Does the United States have the manufacturing capacity to sustain the armed forces in the event of a major conflict? On Friday, on the advice of his newly created Office of Trade and Manufacturing Policy (OTMP), the president put that question to the secretary of defense in an executive order that capped the “Made in America” week, an event the country largely ignored.
Citing “the loss of more than 60,000 American factories, key companies, and almost 5 million manufacturing jobs since 2000,” the order gives the SECDEF 270 days to produce a report that examines the defense industrial base and its supply chain, identifies weaknesses, and recommends legislative, regulatory, and policy changes to correct them.
The order directs the secretary to produce this report in conjunction with the departments of labor, commerce, homeland security, and energy, and after consulting several other federal agencies. This is a heavy lift; fortunately, the workforce – if not the leadership – to complete the task is already in place.
WE’VE GOT A GUY FOR THAT
The OTMP has only existed since April, and if the administration’s efforts to fill other vacancies across the federal bureaucracy are any indication, it likely has little staff beyond Director Peter Navarro, an economics professor who was one of Trump’s main advisors on trade issues during the campaign. Given the newness of the office, and the propensity within the West Wing to hire people with little to no actual experience in the federal government, it is tempting to assume the White House staff who produced this order don’t realize there is already someone who does this for a living.

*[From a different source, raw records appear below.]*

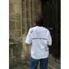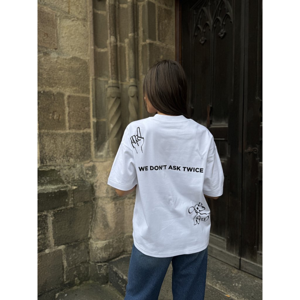 Na zádech je originální potisk s nápisem „WE DON’T ASK TWICE“, doplněný o jemné liniové ilustrace – ruční gesto a ikonického pejska, které dávají tričku osobitý charakter.
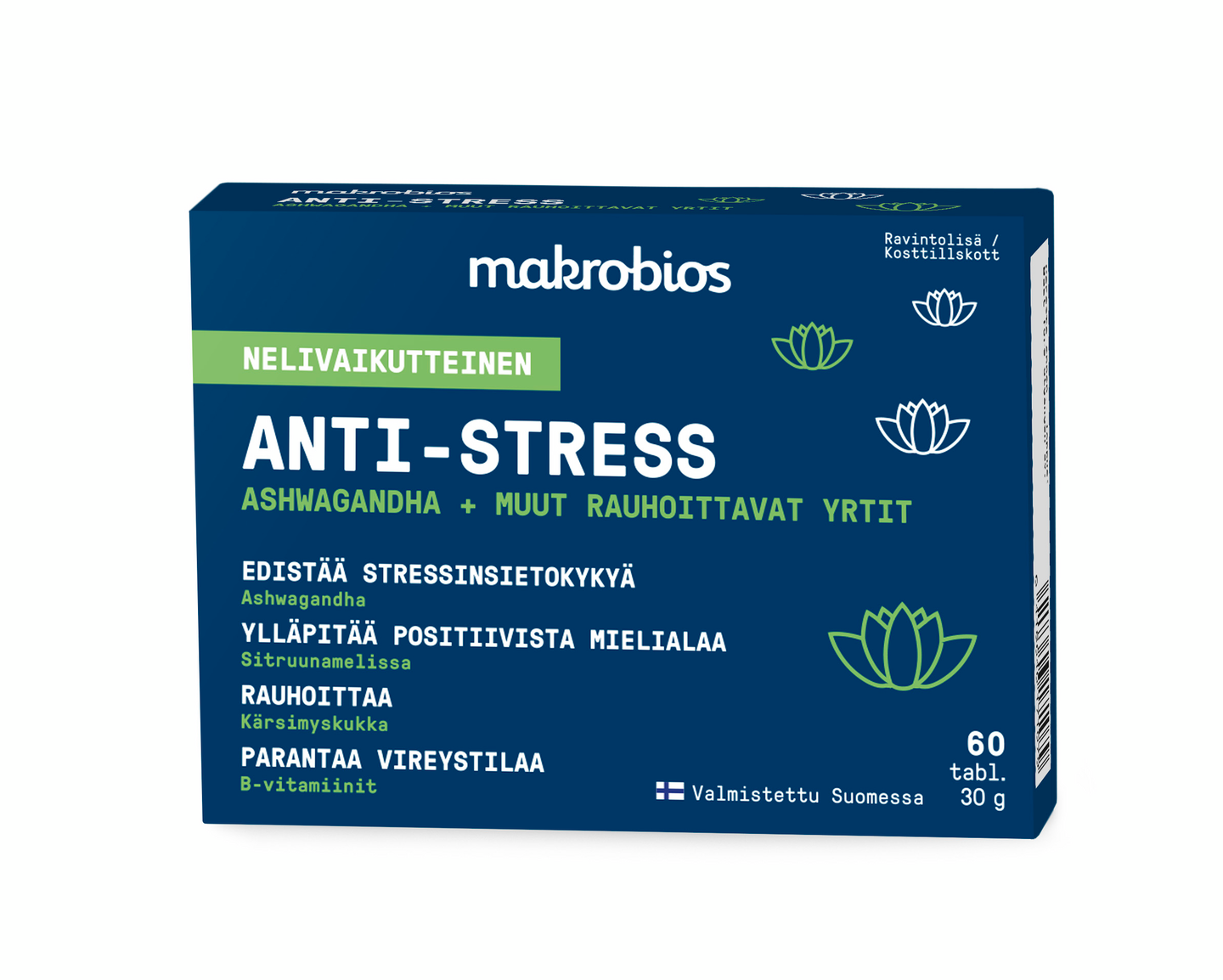 VegaaninenAshwaganda edistää stressinsietokykyä. Kärsimyskukka rentouttaa ja rauhoittaa mielialaa. Sitruunamelissa ylläpitää positiivista mielialaa. B1- ja B5 vitamiini edistävät normaalia energia-aineenvaihduntaa.
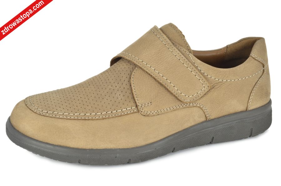 Dodatkowe informacje: Specjalna linia obuwia męskiego o modnym wzornictwie, łatwa wsuwalność, wysokie w palcach. Zapinane na rzepę. Lekkie i elastyczne spody. Wyjmowana wkładka profilowana wykonana z skóry.
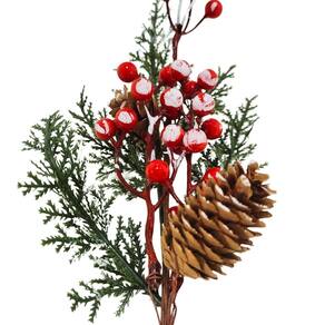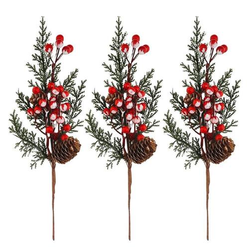 Kit 3 Galhos Pick Natal Folhagens Pinhas e Cereja 30cm
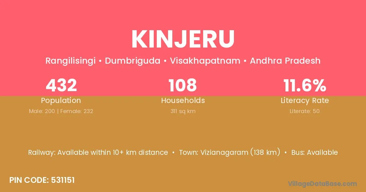 Kinjeru village has a total population of 432 people, of which 200 are males and 232 are females.
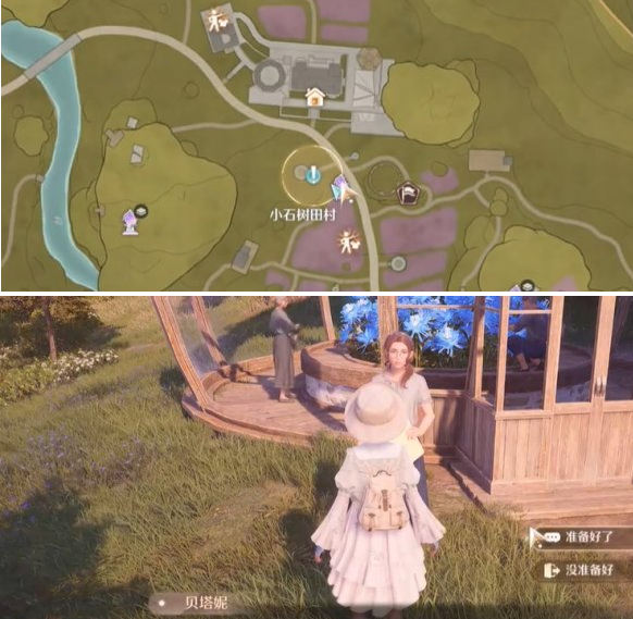 任务位置:传送至小石树田村的【紫穗草花田】传送点,向前走几步就可以在一个花房边上看到NPC了。
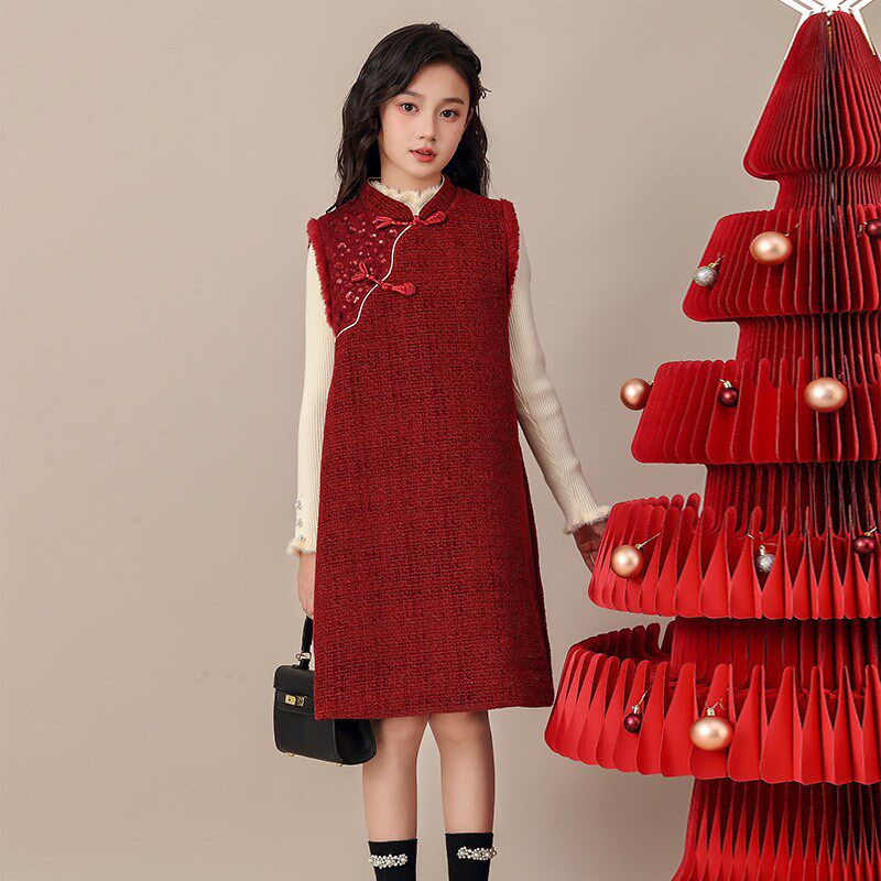 女童加绒两件套装 旗袍裙子秋冬款 背心连衣裙套装 高级感国风改良版

The office of the deputy assistant secretary of defense for manufacturing and industrial base policy is a relatively obscure office within the office of the under secretary of defense for acquisition, logistics, and technology. MIBP is charged with, among other things, “anticipating and closing gaps in manufacturing capabilities or defense systems.”
True to form, though, the president has not yet named a permanent replacement to lead this office. Since the inauguration, the office has been led by Jerry McGinn, who had become the office’s principal deputy director in July of 2015. McGinn is a 1990 West Point graduate who holds a Ph.D. in history from Georgetown University. In addition to numerous defense industry posts, McGinn worked in the policy wing of the Department of Defense under President George W. Bush.
REPORT SHOULD LOOK TO EXPAND TITLE III
The president’s directive is supposed to be a more exhaustive look at the capabilities of American businesses to meet the challenges of future conflicts than the annual report to congress MIBP produces. The office completed its most recent assessment in March; it was released to the public last month.
Two of MIBP’s main public-facing efforts are the Defense Manufacturing Technology Program (ManTech) and the Defense Production Act Title III Program. Title III is something the president’s new initiative should examine more closely for ways to broaden in terms of reach and impact.
“There’s just one company in the U.S. that can repair propellers for Navy submarines,” OTMP’s Navarro told reporters on Friday ahead of the order’s release. Fortunately, Title III is designed either to ensure the one supplier stays in business, or that more suppliers add that capability. First among the program’s stated objectives is to “create, maintain, expand, protect, or restore the production capabilities of domestic suppliers whose technologies and products are critical to the nation’s security.” One would think that submarine propellers fall into that category.
Title III allows the government to issue sole-source contracts to defense suppliers in order to preserve manufacturing capability that might otherwise be lost due to inactivity, and to provide grants to companies to purchase new equipment to upgrade defense-critical manufacturing capabilities. It also identifies gaps in industrial capability and looks for ways to encourage industry to fill them.
For a program that aims to do precisely what the president is after, his budget request didn’t show the love. The president’s asked for just $37.4 million for the program, a reduction of nearly $26.7 million over the 2017 amount. Fortunately, the House has added $30 million back into the budget, for a total FY 2018 appropriation of $67.4 million.
Finding new approaches to governing is so difficult because given the sheer volume of things the federal bureaucracy already does (or tried to do, or has already tried). Novelty requires true innovation. The West Wing hasn’t shown us any of that so far.